*EXERCISE BRIEF*: Would you restate the listing word for word, with the images omitted?

*INFORMATION SHOWN*:
****************

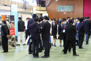 当日は真岡工業高校の体育館に28社の出展企業ブースが並び、会場内は活気に包まれました。
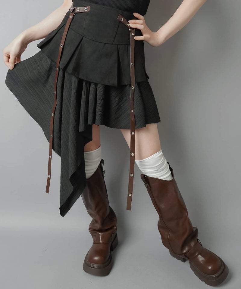 2:ベルトがついていたりイレヘムのデザイン性のあるスカート
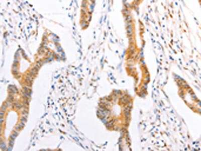 • The image on the left is immunohistochemistry of paraffin-embedded Human colon cancer tissue using CSB-PA069375(TRAF5 Antibody) at dilution 1/20, on the right is treated with fusion protein. (Original magnification: ×200)
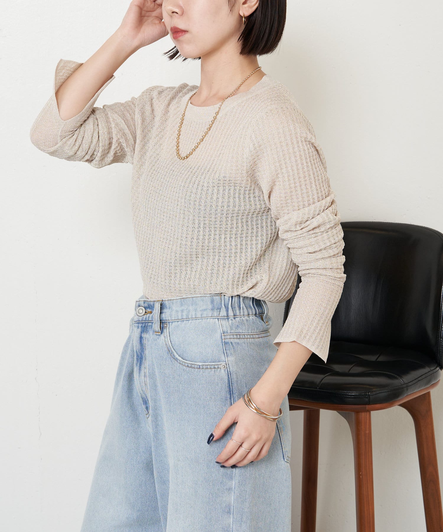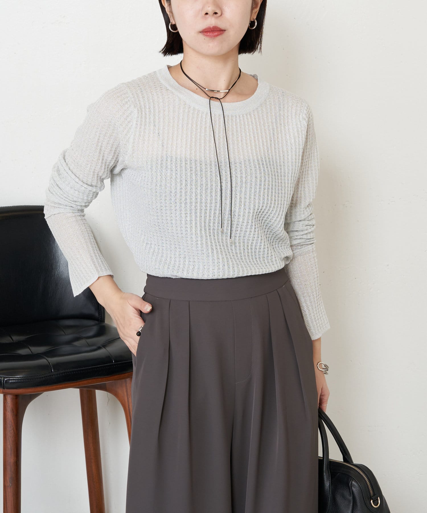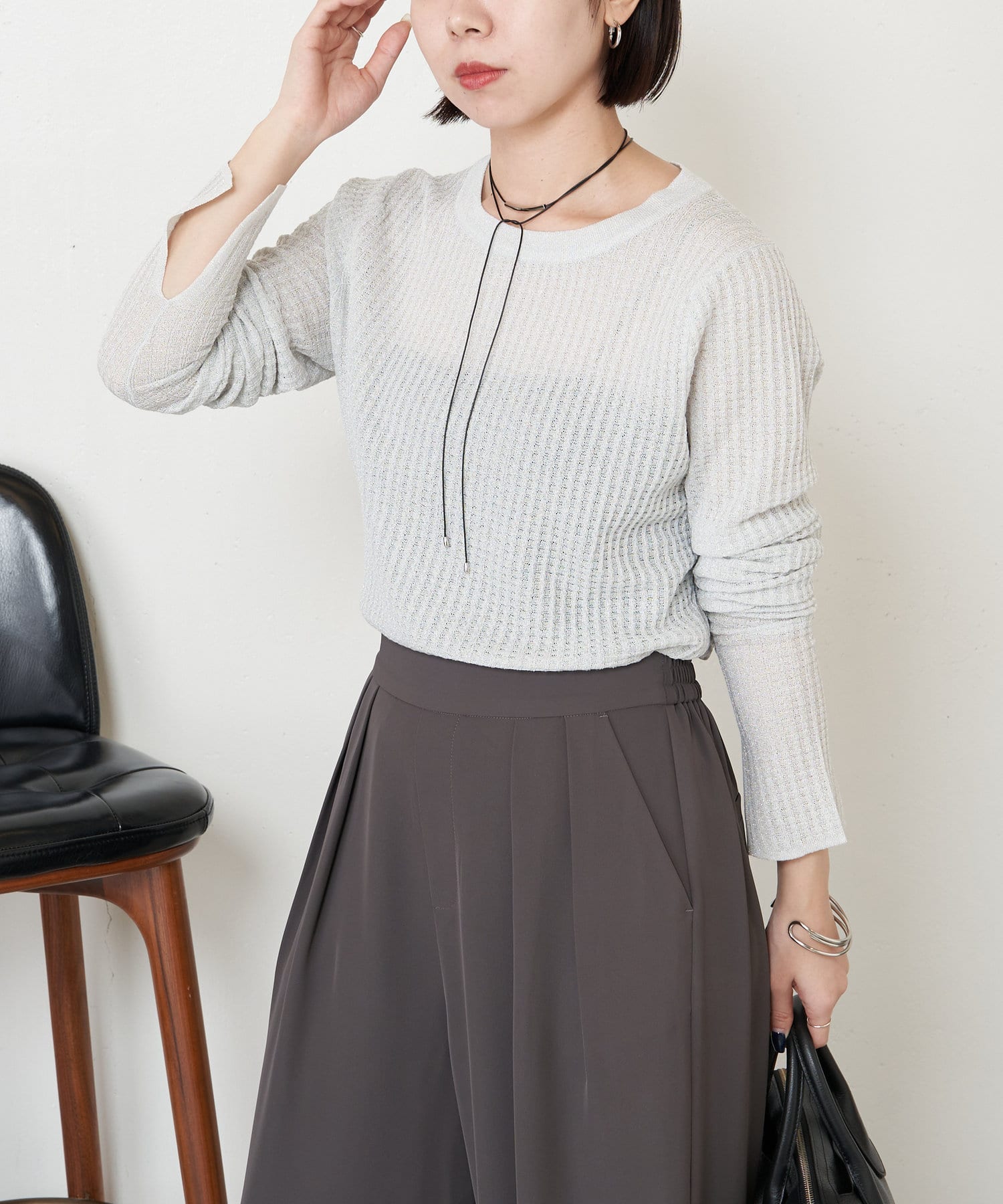 ・さりげないチェック柄と程よい透け感が、旬なムードを漂わせる一枚。

****************

*WRITTEN ANSWER*:
 当日は真岡工業高校の体育館に28社の出展企業ブースが並び、会場内は活気に包まれました。
 2:ベルトがついていたりイレヘムのデザイン性のあるスカート
 • The image on the left is immunohistochemistry of paraffin-embedded Human colon cancer tissue using CSB-PA069375(TRAF5 Antibody) at dilution 1/20, on the right is treated with fusion protein. (Original magnification: ×200)
 ・さりげないチェック柄と程よい透け感が、旬なムードを漂わせる一枚。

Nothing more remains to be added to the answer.